В общем, из Оренбурга через два дня после нашего с Лавриком разговора мы возвращались по железной дороге. Ехали ненадолго: на три недели, до моего дня рождения, который я хотела справить дома. Мне за это время нужно было поговорить с мамой и окончательно решиться на переезд; Лаврик обещал подыскать мне хорошую квартиру в пределах десяти-пятнадцати минут езды, а если повезет — ходьбы. Какая-то часть моих вещей все еще оставалась у него, так что для переезда ничего сверхъестественного мне бы не потребовалось.
Разве что уговорить себя не думать о том, что я официально становлюсь содержанкой своего бывшего мужа.

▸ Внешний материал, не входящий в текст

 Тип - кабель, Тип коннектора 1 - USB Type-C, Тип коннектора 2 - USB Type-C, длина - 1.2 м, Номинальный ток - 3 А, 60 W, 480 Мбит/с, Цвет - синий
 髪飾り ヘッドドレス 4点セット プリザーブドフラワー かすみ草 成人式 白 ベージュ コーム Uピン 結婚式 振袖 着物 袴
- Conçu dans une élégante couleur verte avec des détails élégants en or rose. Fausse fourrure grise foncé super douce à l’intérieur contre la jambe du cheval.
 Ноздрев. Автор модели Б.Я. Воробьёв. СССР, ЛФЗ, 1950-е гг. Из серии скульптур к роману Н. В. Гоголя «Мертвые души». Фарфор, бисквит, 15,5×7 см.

Но разве до этого было не так?
Мы не поднимали вопрос о деньгах в суде, когда разводились. Я стала Зиновьевой, Олежка остался Андрониковым, алименты — деньги на содержание ребенка, настаивал Лаврик, не любивший это слово — должны были приходить мне каждый месяц в фиксированной сумме. Квартира досталась Лаврику по наследству, и совместно нажитым имуществом можно было считать разве что автомобиль, и половину его стоимости Лаврик тоже перевел мне на счет в качестве компенсации.
Но я не успела взять оттуда ни копейки. Мой бывший муж дал мне деньги на похороны папы, потом Олежка заболел, потом у него был день рождения… Другие женщины мечтали о таких бывших мужьях, и мне было грех жаловаться на судьбу, но это было неправильно.

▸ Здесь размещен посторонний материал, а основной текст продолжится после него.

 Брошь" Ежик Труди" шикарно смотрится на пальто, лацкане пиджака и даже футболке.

...Но Лаврик говорил и принимал решения, а я соглашалась.
Согласилась — ради сына — и сейчас.
Мы выбрались из поезда на шумный перрон, и я присела возле сумок, чтобы поправить сыну шарф и шапку. На улице было тепло, но ветерок дул еще холодный, и я заметила, что Олежка ежится и пытается втянуть шею в плечи, хоть и по-мужски не жалуется и молчит. Но все-таки мы укатили на двести с лишним километров на север от Оренбурга. Кое-где у заборов до сих пор лежал снег, будто напоминая о том, что на дворе все-таки конец апреля, а не конец мая, и весна еще только-только перевалила за середину.
— Так, держись крепко за мою руку и смотри под ноги, — сказала я Олежке, и он кивнул, вкладывая свою ладонь в мою.
Нам нужно было пройти через здание вокзала, чтобы выбраться на привокзальную площадь, где стояли маршрутные «газельки» и такси. Много людей, толпа, запахи — Олежка тоже все это не любил, так что я попыталась провести его через зал как можно быстрее. Нас должен был встречать дядя Боря Туманов, папин бывший одноклассник и приятель. Он как раз сегодня был в городе на рынке и согласился подождать.
— Мам. Я чего-то кушать хочу, — пожаловался мой сын где-то уже в самом конце пути. Неудивительно: вокруг просто одуряюще пахло разогретыми в микроволновке беляшами, пиццей и всем тем фастфудом, который в «ассортименте» предлагали расположившиеся по периметру зала киоски.
— До дома потерпишь? — предложила я, не замедляя шага. — Бабушка сделала твои любимые курники. Через двадцать минут будем дома, поешь.
Но упоминание о курниках и ожидании было ошибкой. Олежка заныл еще сильнее.
— Ма-ам, я сильно хочу! Купи чипсы и газировку, а?
— Вот ты чипсами и газировкой-то наешься, — сказала я.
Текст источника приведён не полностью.